Landing on the southern shore of Puerto Rico, General Miles’s troops met little or no resistance from the Spaniards, while the Puerto Ricans welcomed the Americans as friends. Our army now went by different roads to attack San Juan, on the opposite side of the island, where most of the Spanish forces had collected.

Meanwhile, Spain asked President McKinley, through the French, ambassador at Washington, on what terms he would make, peace. McKinley insisted that Spain should consent to withdraw from the West Indies forever, and to meet American commissioners in Paris, to discuss terms of peace. These men were to decide what should be done with the Philippine Islands.

After a little hesitation, Spain accepted these terms, and on August 12, 1898, a peace protocol was signed at Washington. This really ended the Spanish–American War, which had begun one hundred and fourteen days’ before. But before this news could reach Rear Admiral Dewey, our forces in the Philippines attacked and seized Manila, after a short battle, in which some of our men fell (August 13).

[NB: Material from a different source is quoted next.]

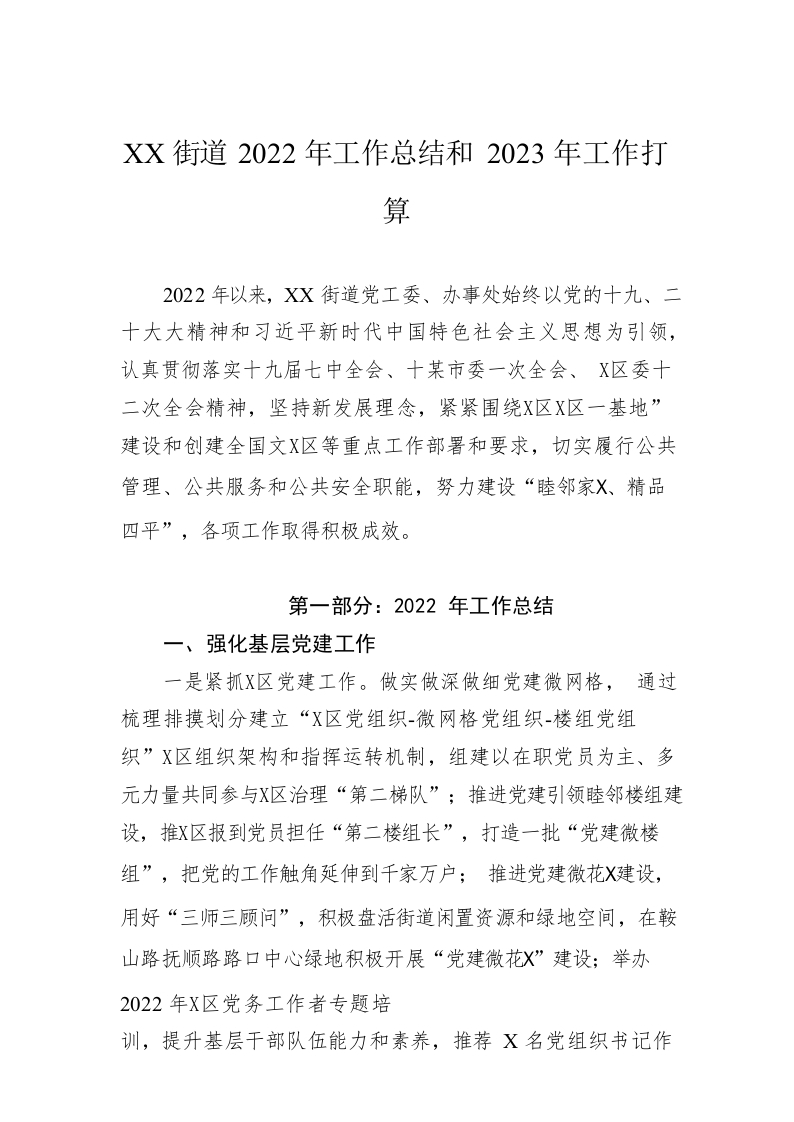 XX街道2022年工作总结和2023年工作安排

As soon as the protocol was signed, the Cuban blockade was raised and most of our ships were recalled to New York, where a great naval parade took place. But part of our army was kept in Cuba and Puerto Rico to maintain order and take possession of those islands when the Spaniards sailed home.

Although our navy won most of the glory in this brief war, it lost very few men; but our army, exposed to a climate which produces fevers, suffered far more from disease than in battle. This is, however, always the case in war; but while mourning for our dead, we must remember that it is just as heroic to die at one’s post “wherever that may be” as to fall in battle.

Besides the heroic deeds already mentioned, and those every one talks about, there were countless brave actions done on land and sea. But while the heroes whose names we know are praised and rewarded, the others deserve no less credit. They too can enjoy the approval of their conscience, and feel with satisfaction that they have done the best they could for their beloved country.

As agreed in Washington, the Peace Commission met in Paris on October 1, 1898, and on December 10 signed a new Treaty of Paris. By this treaty, Spain gave up all her rights in Cuba, and ceded Puerto Rico and the Philippines to the United States, which in turn was to pay Spain $20,000,000.

It is said that the Spanish–American War cost us about two hundred million dollars and three thousand lives, while it cost Spain nearly five times as much. Besides adding to our territory, the war put an end to all jealousy between the North and the South, for old Union and Confederate soldiers, and their sons, now fought side by side under the same flag.

Many of the inhabitants of the islands won from Spain are supposed to be in favor of annexation to the United States. But whether they will adapt themselves to our rule, and become good American citizens, time alone can tell.